Ask HN: How would you deal with DDoS? - samratjp
In my recent memory - Posterous dealt with it once, the 4Chan and Tumblr fiasco and in the last few days, the Visa, MasterCard and PayPal mess.<p>What's a good way to deal with DDoS? Bonus points if you can elaborate more than "buy a stinkin' Cisco firewall"<p>EDIT: Do tell us your war stories as well.
======
tptacek
I have what Patrick would call "a wee bit" of experience with this problem; I
led a dev team on a successful anti-DDoS product from 2001-2003. For now, I
have two pieces of advice:

Advice #1:

Every major ISP has a tier of network engineer that is equipped to handle the
DDoS problem. They're the ones with access to the traffic analysis tools,
they're the ones with the scripts to deploy ACLs, they're the ones that can
reroute traffic to a regional scrubbing center. If you're dealing with a real
ISP, they have an anti-DDoS product (probably one I've very familiar with)
deployed.

There aren't many of them and they are never the person answering the phone
when you call the ISP. Nobody at your ISP has any incentive to escalate you to
that person. Your ISP may deny that the person exists (I've seen that happen
at ISPs where I know the right person by name).

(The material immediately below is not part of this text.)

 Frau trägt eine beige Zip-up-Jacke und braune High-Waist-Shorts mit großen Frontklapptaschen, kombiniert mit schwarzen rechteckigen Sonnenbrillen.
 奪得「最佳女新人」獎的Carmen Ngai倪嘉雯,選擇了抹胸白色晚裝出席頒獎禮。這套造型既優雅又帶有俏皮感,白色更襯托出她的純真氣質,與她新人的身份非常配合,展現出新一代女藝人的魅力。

Find that person. Be persistent. If I knew who mine was right now I'd send
brownies and belgian ale. Weekly. Advance planning and cheap insurance can't
hurt.

Advice #2:

Nobody knows what "I'm under DDoS attack" means. It doesn't mean anything. You
have to be able to describe the attack precisely in technical terms. That
doesn't mean "it's a SYN flood!"; it means, "My link is saturated, I'm getting
N million packets per second, an unusually high number of connections sourced
from TCP ports 15030 - 19012, it started 9 minutes ago, and doesn't coincide
with a spike in requests to my DNS server."

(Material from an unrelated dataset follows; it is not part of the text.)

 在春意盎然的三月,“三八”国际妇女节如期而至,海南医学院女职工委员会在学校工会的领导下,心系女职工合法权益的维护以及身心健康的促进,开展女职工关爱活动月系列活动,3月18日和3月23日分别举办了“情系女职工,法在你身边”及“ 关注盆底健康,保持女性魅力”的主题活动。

In all likelihood, nothing you have deployed today is going to generate that
information for you, so your job today is to get that infrastructure set up. I
recommend getting NetFlow turned on and using Argus, which is free; NetFlow
also happens to be a language ISP network engineers speak readily. You have
other alternatives, like ntop. Just have something that can characterize
traffic and ideally tell you (either directly, or via graphs) when things are
out of the ordinary.

You will have much better luck getting help from your upstreams if you can
write the ACL for them and make it easier to find what places in the network
need it.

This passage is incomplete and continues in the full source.